Re: [RFC][PATCH 0/5] arch: atomic rework

From: Torvald Riegel <hidden>
Date: 2014-02-18 15:32:21
Also in: lkml

On Mon, 2014-02-17 at 16:05 -0800, Linus Torvalds wrote:
And exactly because I know enough, I would *really* like atomics to be
well-defined, and have very clear - and *local* - rules about how they
can be combined and optimized.
"Local"?
None of this "if you can prove that the read has value X" stuff. And
things like value speculation should simply not be allowed, because
that actually breaks the dependency chain that the CPU architects give
guarantees for. Instead, make the rules be very clear, and very
simple, like my suggestion. You can never remove a load because you
can "prove" it has some value, but you can combine two consecutive
atomic accesses/
Sorry, but the rules *are* very clear.  I *really* suggest to look at
the formalization by Batty et al.  And in these rules, proving that a
read will always return value X has a well-defined meaning, and you can
use it.  That simply follows from how the model is built.

What you seem to want just isn't covered by the model as it is today --
you can't infer from that that the model itself would be wrong.  The
dependency chains aren't modeled in the way you envision it (except in
what consume_mo tries, but that seems to be hard to implement); they are
there on the level of the program logic as modeled by the abstract
machine and the respective execution/output rules, but they are not
built to represent those specific ordering guarantees the HW gives you.
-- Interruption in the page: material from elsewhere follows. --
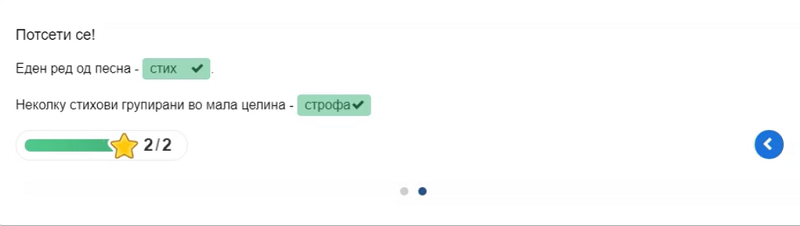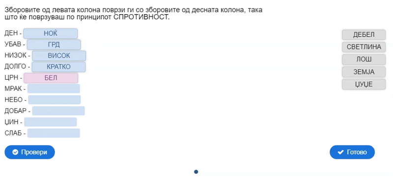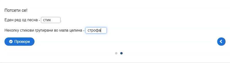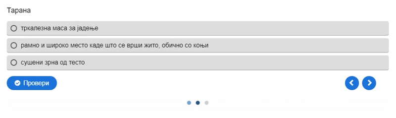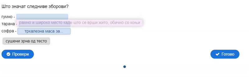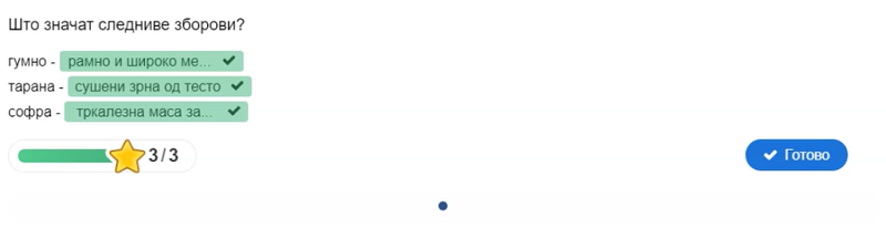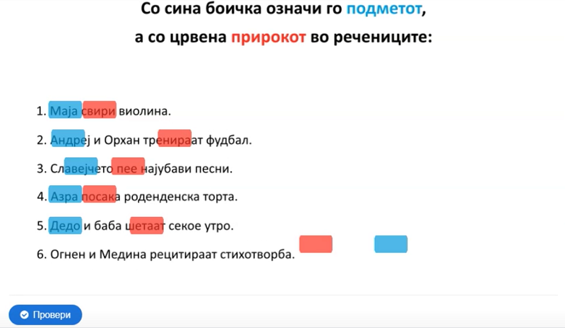 Со сина боја да се означи подметот, а со црвена прирокот во реченицата; што значат зборовите: гумно, софра, тарана; да се одговори што е еден ред од песна, а што неколку стихови групирани во мала целина; да се пронајдат десет зборови во осумнасочник; да се поврзат зборовите од левата со зборовите од десната страна по принципот спротивност…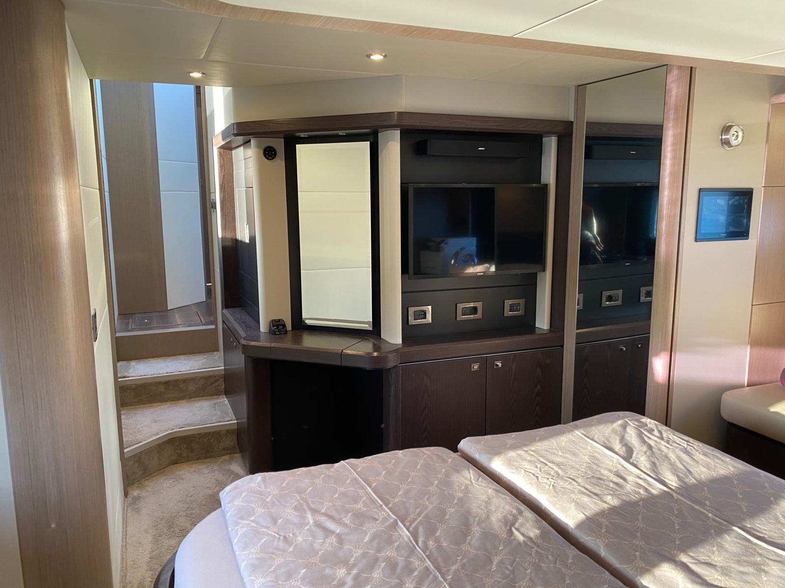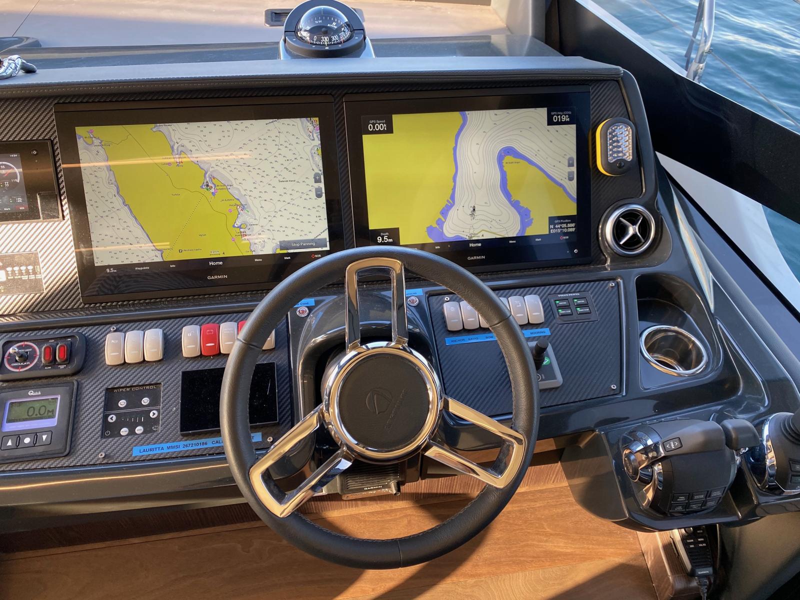 Very well equipped model: Seakeeper 9, 180 l/h watermaker, Yacht Controller, Volvo DPS, third joystick control station, satellite TV antenna, hydraulic bathing platform.

I would also be cautious claiming that the rules you suggested would be
very clear and very simple.  I haven't seen a memory model spec from you
that would be viable as the standard model for C/C++, nor have I seen
proof that this would actually be easier to understand for programmers
in general.
For example, CPU people actually do tend to give guarantees for
certain things, like stores that are causally related being visible in
a particular order.
Yes, but that's not part of the model so far.  If you want to exploit
this, please make a suggestion for how to extend the model to cover
this.

You certainly expect compilers to actually optimize code, which usually
removes or reorders stuff.  Now, we could say that we just don't want
that for atomic accesses, but even this isn't as clear-cut: How do we
actually detect where non-atomic code is intended by the programmer to
express (1) a dependency that needs to be transformed into a dependency
in the generated code from (2) a dependency that is just program logic?
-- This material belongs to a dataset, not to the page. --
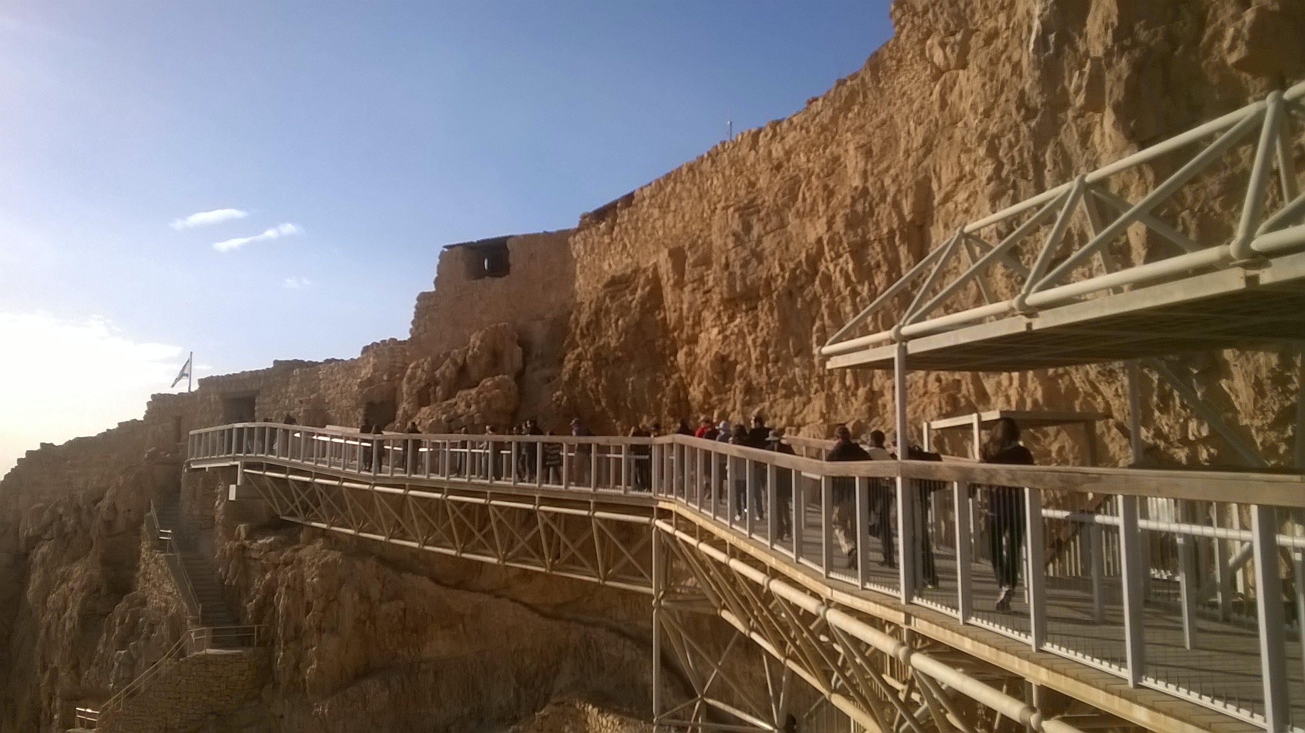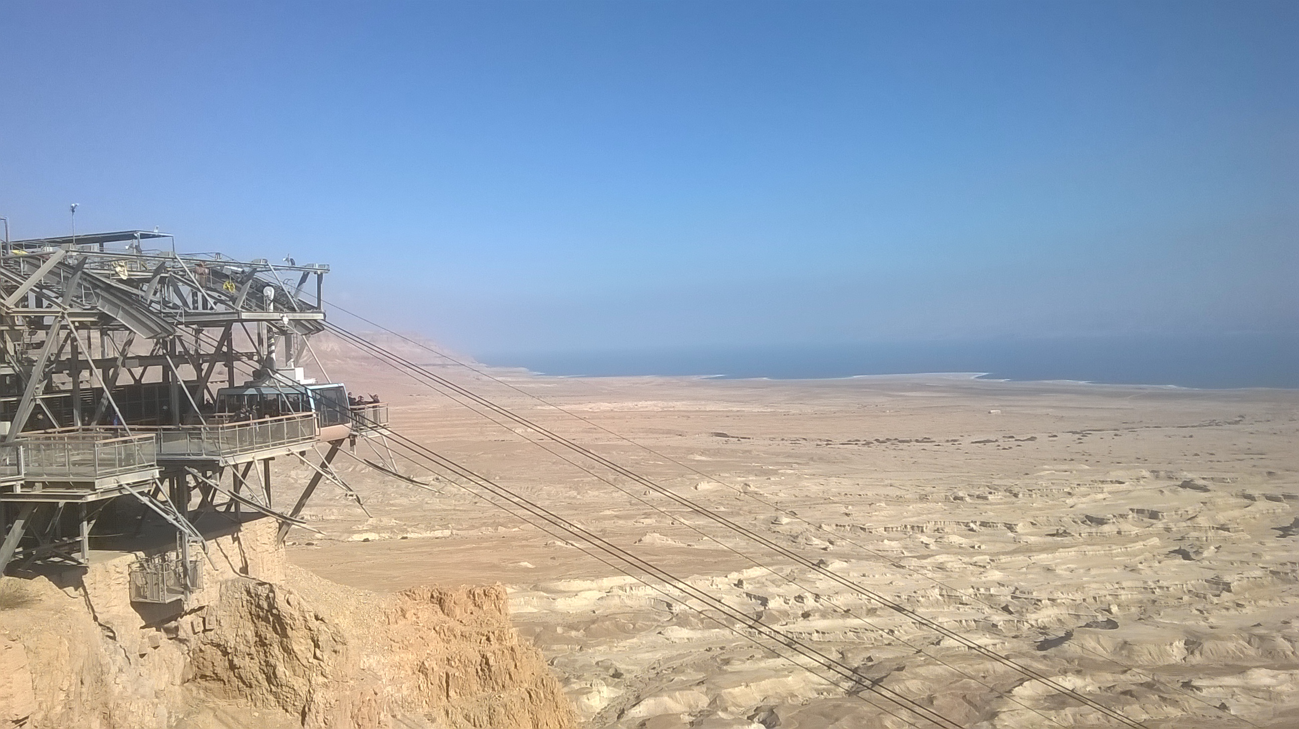 Masadalla meillä oli omaa aikaa puolitoista tuntia. Menimme Hannan kanssa ensiksi turistikeskukseen ostamaan liput kaapelihissiin ja katsomaan 10 minuutin videon vuoren historiasta. Vuoren huipulle voi myös maksutta kävellä ”käärmepolkua”, ja kipuaminen kuulemma kestää noin tunnin.

IOW, consider the consume_mo example "*(p + flag - flag)", where flag is
coming from a consume_mo load: Can you give a complete set of rules (for
a full program) for when the compiler is allowed to optimize out
flag-flag and when not?  (And it should be practically implementable in
a compiler, and not prevent optimizations where people expect them.)
If the compiler starts doing value speculation on
atomic accesses, you are quite possibly breaking things like that.
It's just not a good idea. Don't do it. Write the standard so that it
clearly is disallowed.
You never want value speculation for anything possibly originating from
an atomic load?  Or what are the concrete rules you have in mind?
Because you may think that a C standard is machine-independent, but
that isn't really the case. The people who write code still write code
for a particular machine. Our code works (in the general case) on
different byte orderings, different register sizes, different memory
ordering models. But in each *instance* we still end up actually
coding for each machine.
That's how *you* do it.  I'm sure you are aware that for lots of
programmers, having a machine-dependent standard is not helpful at all.
As the standard is written, code is portable.  It can certainly be
beneficial for programmers to optimize for different machines, but the
core of the memory model will always remain portable, because that's
what arguably most programmers need.  That doesn't prevent
machine-dependent extensions, but those then should be well integrated
with the rest of the model.
So the rules for atomics should be simple and *specific* enough that
when you write code for a particular architecture, you can take the
architecture memory ordering *and* the C atomics orderings into
account, and do the right thing for that architecture.
That would be an extension, but not viable as a *general* requirement as
far as the standard is concerned.
And that very much means that doing things like value speculation MUST
NOT HAPPEN. See? Even if you can prove that your code is "equivalent",
it isn't.
I'm kind of puzzled why you keep stating generalizations of assertions
that clearly aren't well-founded (ie, which might be true for the kernel
or your wishes for how the world should be, but aren't true in general
or for the objectives of others).

It's not helpful to just pretend other people's opinions or worlds
didn't exist in discussions such as this one.  It's clear that the
standard has to consider all users of C/C++.  The kernel is a big user
of it, but also just that.

Why don't you just say that you do not *want* value speculation to
happen, because it does X and you'd like to exploit HW guarantee Y etc.?
That would be constructive, and actually correct in contrast to those
other broad claims.

(FWIW: Personally, I don't care whether you say something in a nice tone
or in some other way WITH BIG LETTERS.  I scan both for logically
consistent reasoning, and filter out the rest.  Therefore, avoiding
excessive amounts of the rest would make the discussion more efficient
for me, and I'd appreciate if everyone could work towards making it
efficient.  It's a tricky topic we're discussing, so I'd like to use my
brain for the actual technical bits and not for all the noise.)
So for example, let's say that you have a pointer, and you have some
reason to believe that the pointer has a particular value. So you
rewrite following the pointer from this:

  value = ptr->val;

into

  value = speculated->value;
  tmp = ptr;
  if (unlikely(tmp != speculated))
    value = tmp->value;

and maybe you can now make the critical code-path for the speculated
case go faster (since now there is no data dependency for the
speculated case, and the actual pointer chasing load is now no longer
in the critical path), and you made things faster because your
profiling showed that the speculated case was true 99% of the time.
Wonderful, right? And clearly, the code "provably" does the same
thing.
Please try to see that any proof is based on the language semantics as
specified.  Thus, you have to distinguish between (1) disagreeing with
the proof being correct and (2) disliking the language semantics.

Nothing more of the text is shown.